What pj is refering to is the other way round duster, the small end needs to be 15mm not 13mm. bushing the piston to take the 13mm pin. Yes I can see this would work, not the way I would go. Honda changed to a 15mm pin for the high performance kit for a reason, and I don't think I would trust all my work and expensive parts to this, especially the sort of revs and speed your going to produce, around a 50% increase in HP.
Kevin
Kevin,
thanks for explaining to Duster.
I've done this, it works.
may not be the most elegant solution but it costs virtually nothing compared to the not unreasonable $6,000 estimate (its about how much I'd want to do that much work, with all those parts)
If you already have a block with damaged fins but good liners and pistons,
Why Not?
Its better to recycle it in my opinion than to scrap suff
I bought a sheet of copper to make a head gasket and new circlips. cut bigger holes in base gasket, bored cases when needed and except for labour, I'm done
(and, when I'm doing things as a HOBBY I dont charge myself
)
I always intend to use lower than stock redline with the heavier parts fitted but somehow it never seems to work.
The 550 is the only one I built while working at a Honda dealers, all the others have been done on a very old Colchester lathe and vertical mill ( I forgot who made it as I trained as a turner originally so I like lathes
)
My 550 with 750 pistons revs out at about 13,500rpm, (82mph in second gear, someone can do the math for stock gearing but 13.5K is close)

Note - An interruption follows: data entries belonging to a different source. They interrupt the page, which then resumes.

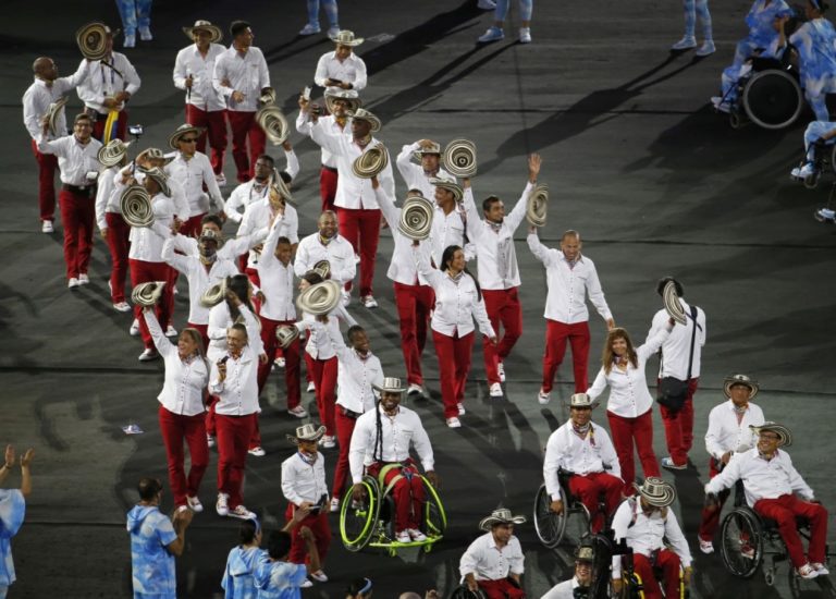 Reprezentanti Kolumbie počas otváracieho ceremoniálu letnej paralympiády na štadióne Maracana. Rio de Janeiro, 7. september 2016. Foto: SITA/AP
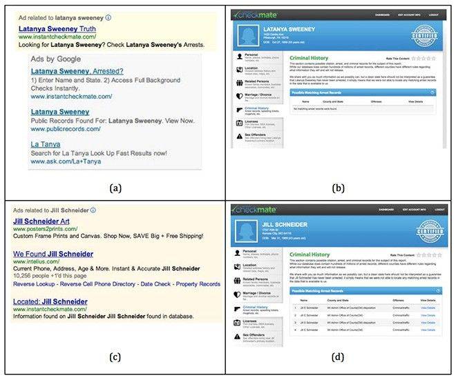A和C显示的是针对两个人各自姓名出现的广告,B和D表明该广告暗示存在犯罪前科所根据的是姓名类型,而非就是此人的档案
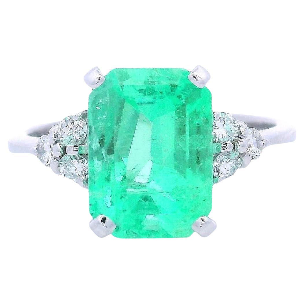 4.30 Karat Natürlicher Smaragd und Diamant 14K Massiv Weißgold Ring
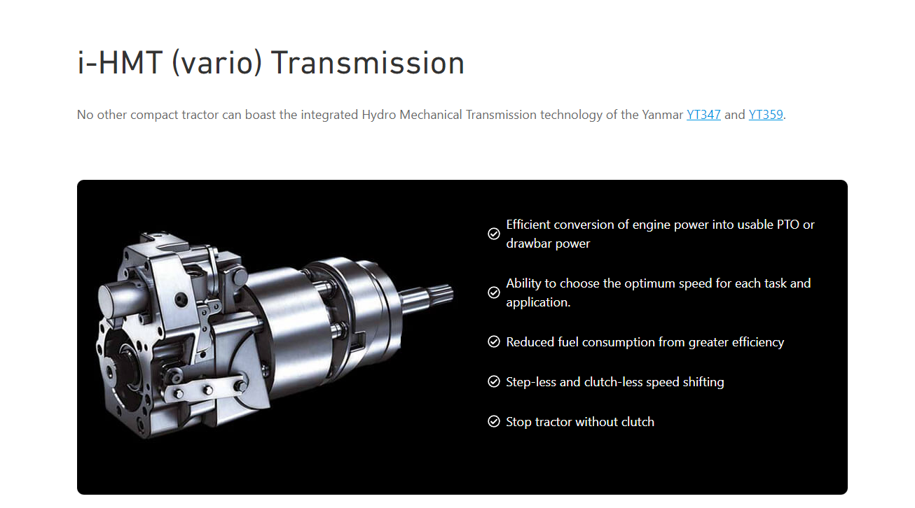 You need to stop trying to compare the Kubota Hydro to the Yanmar's I-HMT. Saying it several posts in a row, don't make it so bro.
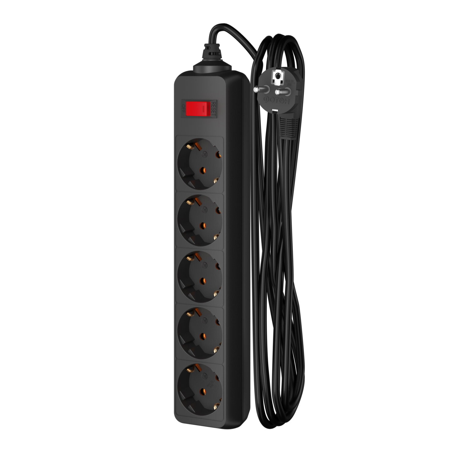 Сетевой фильтр удлинитель фотон 10А 5 метров 5 розеток с выключателем с заземлением черный, ГОСТ
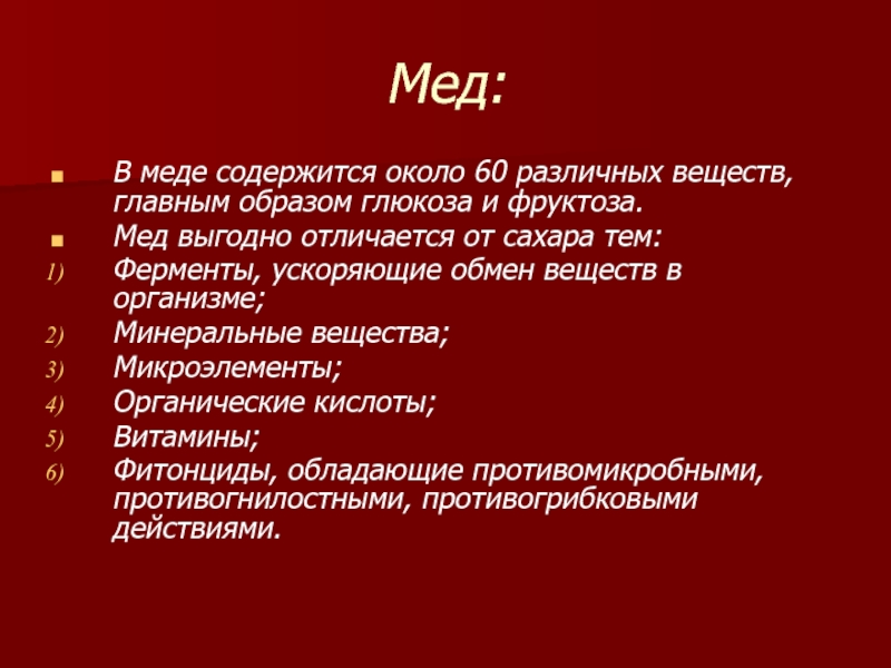 В меде содержится около 60 различных веществ, главным образом глюкоза и
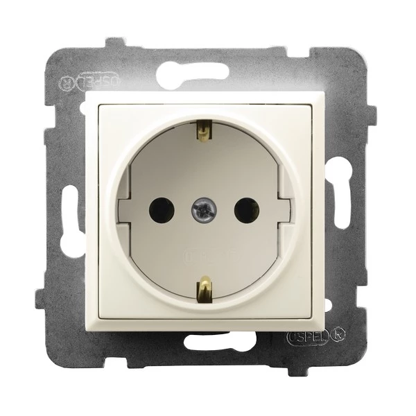 Gniazdo pojedyncze z uziemieniem schuko, ecru ARIA o numerze katalogowym GP-1US/M/27 w kategorii Gniazda podtynkowe, Gniazda instalacyjne. Produkt wyprodukowany przez markę OSPEL, seria ARIA.
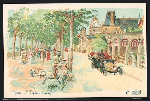 Künstler-AK Évian, Le quai de Blonay
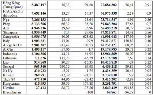 Đứng sau thị trường chủ đạo Trung Quốc là thị trường Hoa Kỳ đạt gần 547,1 triệu USD, tăng mạnh 51,8% so với năm 2024, chiếm 6,4%; Hàn Quốc đạt 307,7 triệu USD, giảm nhẹ 2,3%, chiếm %; Nhật Bản đạt 238,03 triệu USD, tăng 17,1%, chiếm 2,8%; Đài Loan đạt 172,29 triệu USD, tăng 9,7%, chiếm 2%...

I fited a decent ignition system as the points bounce at about 10,500 (who needs electronic rev limiter?)
Terry,
its very much like a bush for the piston. the pins are only slightly short so you make an internal lip on bushing and the overall length when a pair are fitted has to be the same as a standard piston pin for the pistons your using. its a very simple turning job. for the 400/500 conversion I made them slightly longer than needed towards the inside to help locate pistons when fitting block, dont remember what steel I used but it wsasnt just any old piece of pipe (wasnt a real expensive one either though)
You can do quite a lot of work on stock pistons to lighten them, but its a bit time consuming to get all four equal. You can change the rod bolds for better ones.
I'm not an engineer so I dont know how to work out stresses involved therefore things I make are probably stronger than they need to be.